Canned Goods

January 25, 2006

I don’t need no stinkin’ story

Filed under: Games and Learning

Actually I do. Since I began thinking about games from the standpoint of a researcher, I’ve heard countless times about the controversy between gameplay (the rule systems that govern gameplay) and narrative. Constance writes in “Why Game (Culture) Studies Now? that “core scholars on both sides acknowledge that the debate is an unfortunate red herring (Aarseth and Jenkins).” So, as just a noob in this field, I did find the idea that narrative wasn’t important to a game playing experience a bit, well, silly. Sure, there are games out there that don’t need a narrative for the gameplay. We can use Tetris as an example, although a game sold during the Cold War as the “Soviet Mind Game,” with an onion-topped palace on the cover might just begin some sort of narrative in the user’s mind. And as much lore as there exists in WoW, I really don’t find myself thinking about it often, and not everyone playing WoW played the previous War Craft games.

For me, I’m often drawn to games that have a narrative–KOTOR, HALO, Homeworld (anyone remember Battlezone-not the arcade version?). But my question is for those who play games that don’t include a narrative. Do you construct a narrative as you play–one of your own creation. For example, my wife is not a gamer, in the stereotypical sense, but she really loves computer Solitaire. We got to talking about why I like certain games over others and my fondness for narrative, how I’ll progress through a game motivated by the desire to see more of the narrative. I like plot. I was suprised when she told me that when she plays Solitaire she oftens has a narrative running through her head: She’s stuck in Las Vegas without enough money to fix her car or get home by some other means, so she takes what she has to the casino and gambles in hopes of raising enough cash. Amazing! I thought. I don’t think I would play the game like that. I’d simply want to achieve a better and better score and get pleasure from solving the puzzle.
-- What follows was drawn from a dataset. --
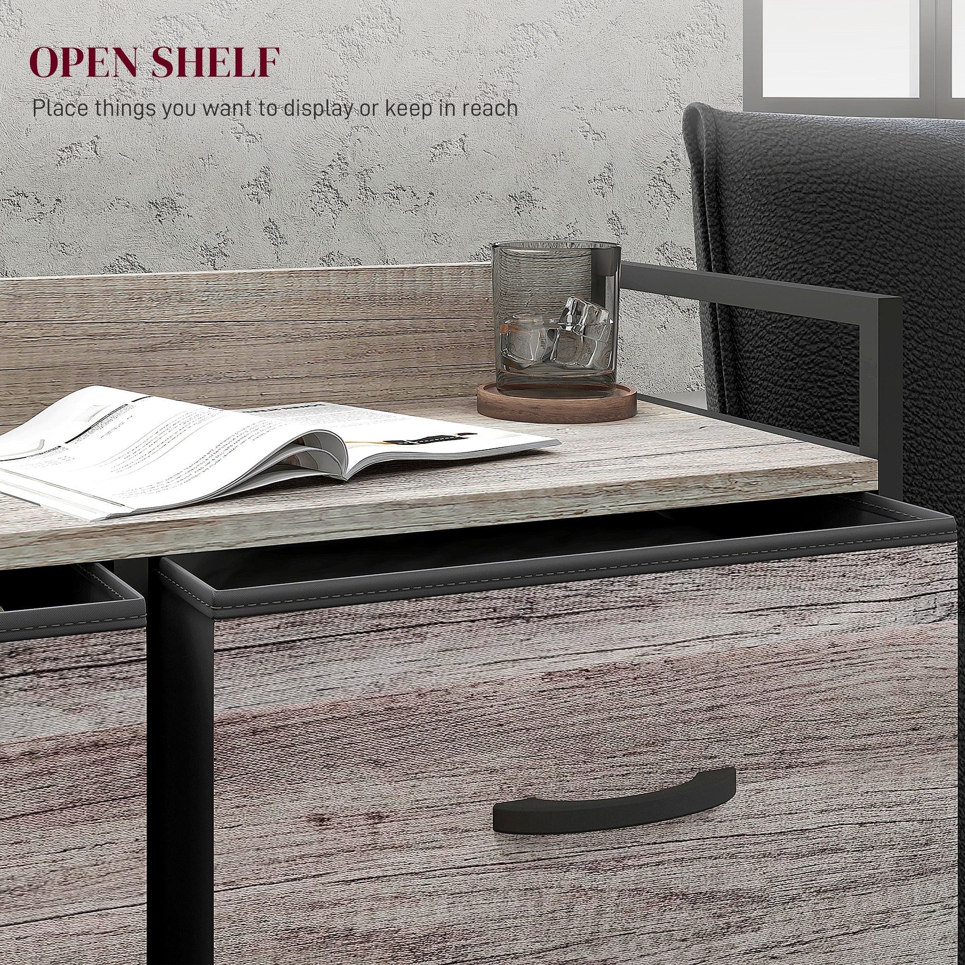 HOMCOM Rustic Chest of Six Fabric Drawers - Grey Wood Effect
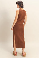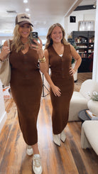 This chic two-piece set is fall perfection. Featuring a functional button-down sweater vest in rich chocolate brown, paired with a matching fitted skirt that flatters your shape with its stretchy, body-forming knit. A subtle side slit adds just the right touch of movement and edge. Designed in the dreamiest shade of chocolate, this set is versatile enough to wear layered with boots and a trench for crisp fall days, or dressed up with heels for a night out.

So my question is how many people play plotless games in this manner? Is narrative more important than is thought? (if this is actually a controversy)
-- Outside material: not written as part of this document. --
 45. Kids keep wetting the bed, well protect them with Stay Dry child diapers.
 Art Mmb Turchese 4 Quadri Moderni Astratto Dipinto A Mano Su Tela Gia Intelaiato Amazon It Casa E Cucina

The reason this interests me is how it seems that finding meaning in activities such as school learning, in the case of my discipline, Composition, helps students see purpose in what they do in school. Why write research paper for first-year comp? Isn’t that just an exercise in me finding sources and reporting what I’ve learned to the teacher? What my students are lacking in FYC is a context which initiates the assignment and motivates the process of writing. I thought, in the past, that using service-learning would give my students a real-world context in which to act. They worked with “live” people, face-to-face. They were doing auto/ethnography rather than library research. And I’ve begun using blogging as an assignment with the same thinking–writing in the real-world. I don’t have the capacity in the writing classroom to simulate for my students writing in the community of psychologists, sociologists, chemists, or computer scientists, and this is what I feel is missing from a research paper assignment. My students don’t seem to see writing as conversation within a given field. They don’t have a context to put knowledge in action.
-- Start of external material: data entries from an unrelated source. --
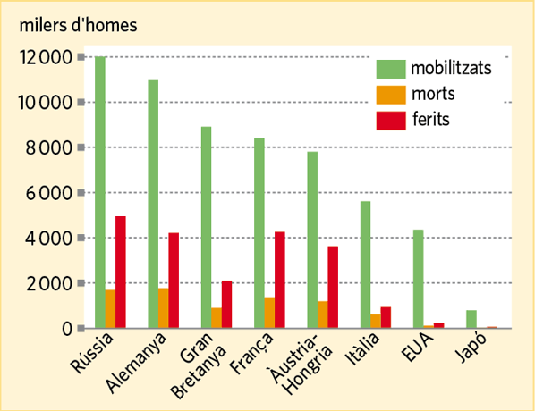 • Les conseqüències demogràfiques (al voltant de 10 milions de soldats morts) i les pèrdues materials (disminució de la riquesa nacional) van ser molt greus i van dificultar la recuperació dels països.
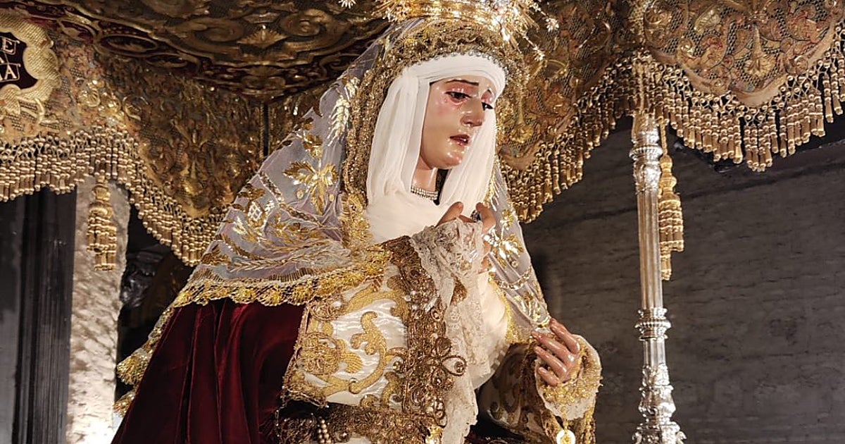 San Esteban recrea una estampa histórica de la Virgen de los Desamparados en el paso de palio con un manto liso burdeos teniendo otro bordado por las hermanas hace más de una década y que ha portado en el besamanos del pasado fin de semana. Según la corporación, «continuando la línea marcada en los últimos cambios, vemos a la Virgen recreando los primeros documentos gráficos conocidos, por eso se muestra con su característico manto antiguo de salida, siendo este un terciopelo de seda de Lyon» . Han añadido que «hay una peculiaridad que es la de recuperar sus originales agremanes con los que fue bendecida la imagen en el hospital de las Cinco Llagas». También, vuelve a lucir en su... Ver Más
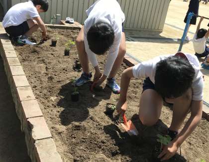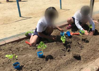 ヘチマとひょうたんの苗を植えました。これから、水やりをしながら、観察学習を行なっていきます。

When I play thru Homeworld I become immersed in that universe and feel a connection to my people, the Higarans. It’s up to me to learn the rules of the game in order to put that knowledge in action to protect my clan. I’m roleplaying in the game, just as I do when I write my graduate seminar papers. I pretend I’m in conversation with these scholars. So each semester I ask myself what can do to give my students a compelling context within which to write academic research papers. I guess it could be as easy as asking them to roleplay, but that doesn’t sound as interesting as being in a field or in a game.